◆ **Work to be completed**: Begin with the line holding "保安公司保安部教导员邱旭斌主" and end with the last line of the records below. Set down exactly those lines and leave out every picture.

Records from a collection
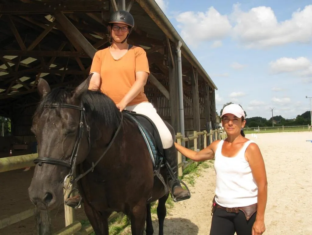 Angélique Bralet, propriétaire des écuries La Bourrelière (à droite), en compagnie d’Amélie Besseau, sur son cheval, Carat. © Ouest-France
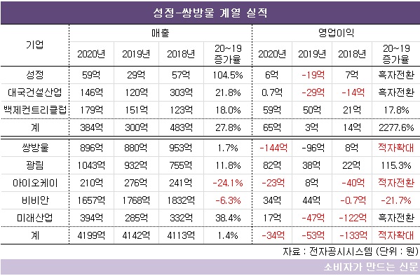 성정과 대국건설산업, 백제컨트리클럽의 지난해 영업이익은 총 65억 원이다. 2018년(14억 원)과 2019년(3억 원)에 비해 증가했다.
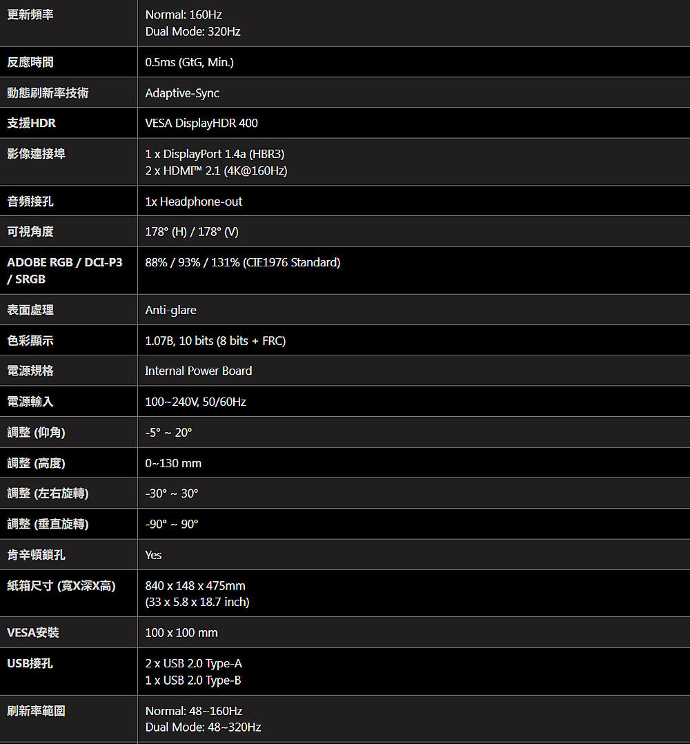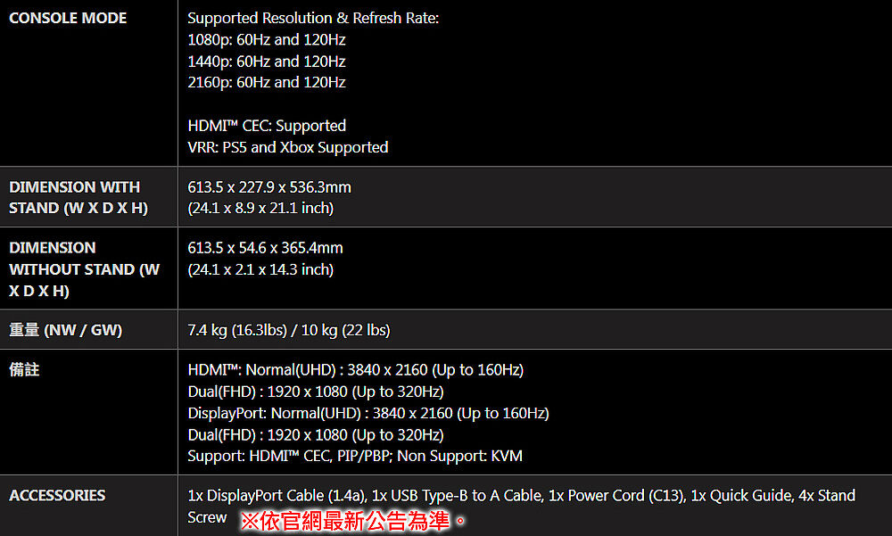 ※以上規格資料若有任何錯誤或原廠更動,以原廠所公佈資料為準。
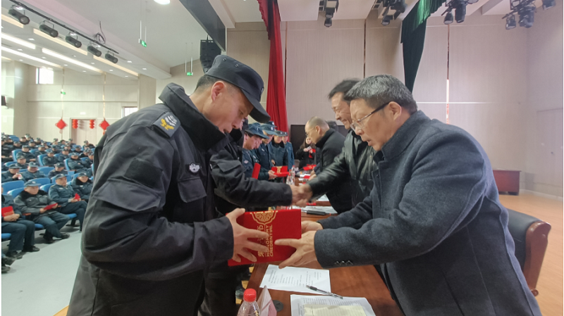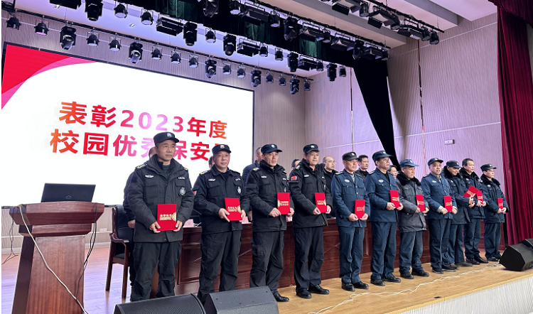 保安公司保安部教导员邱旭斌主持开班仪式,现场表彰“2023年度校园先进保安员”并颁发荣誉证书。
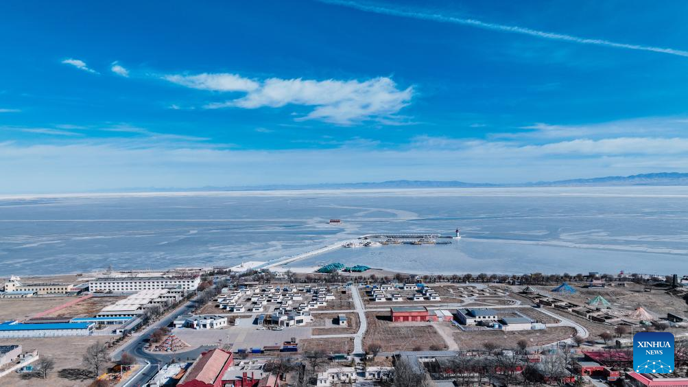 Qinghai Lake, China's largest inland saltwater lake, now covered in ice, presents a breathtaking scenery.
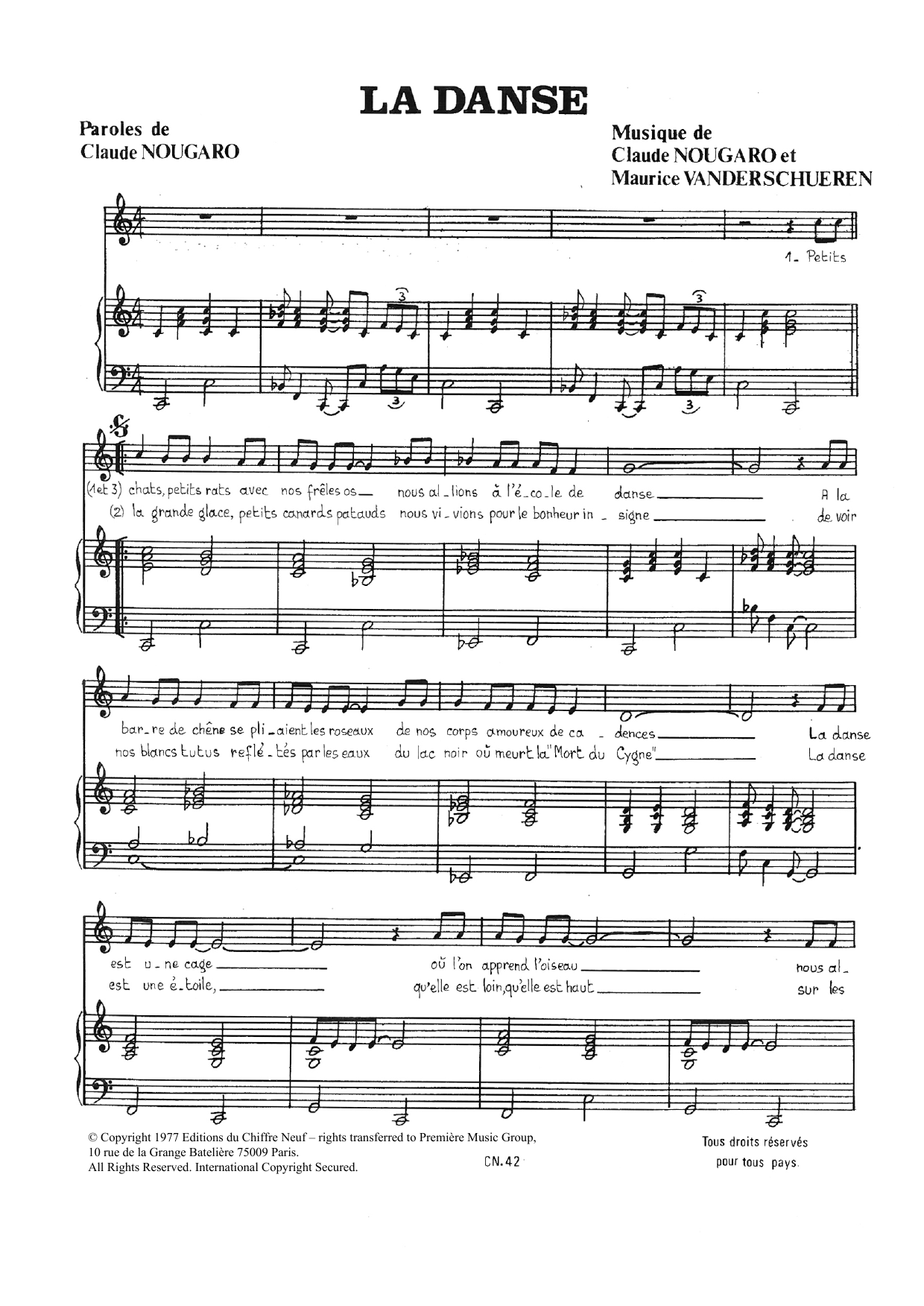 Download or print Claude Nougaro La Danse sheet music, chords and digital score arranged for Piano & Vocal. This Pop score includes 4 page(s).

◆ **Result of the task**:
 保安公司保安部教导员邱旭斌主持开班仪式,现场表彰“2023年度校园先进保安员”并颁发荣誉证书。
 Qinghai Lake, China's largest inland saltwater lake, now covered in ice, presents a breathtaking scenery.
 Download or print Claude Nougaro La Danse sheet music, chords and digital score arranged for Piano & Vocal. This Pop score includes 4 page(s).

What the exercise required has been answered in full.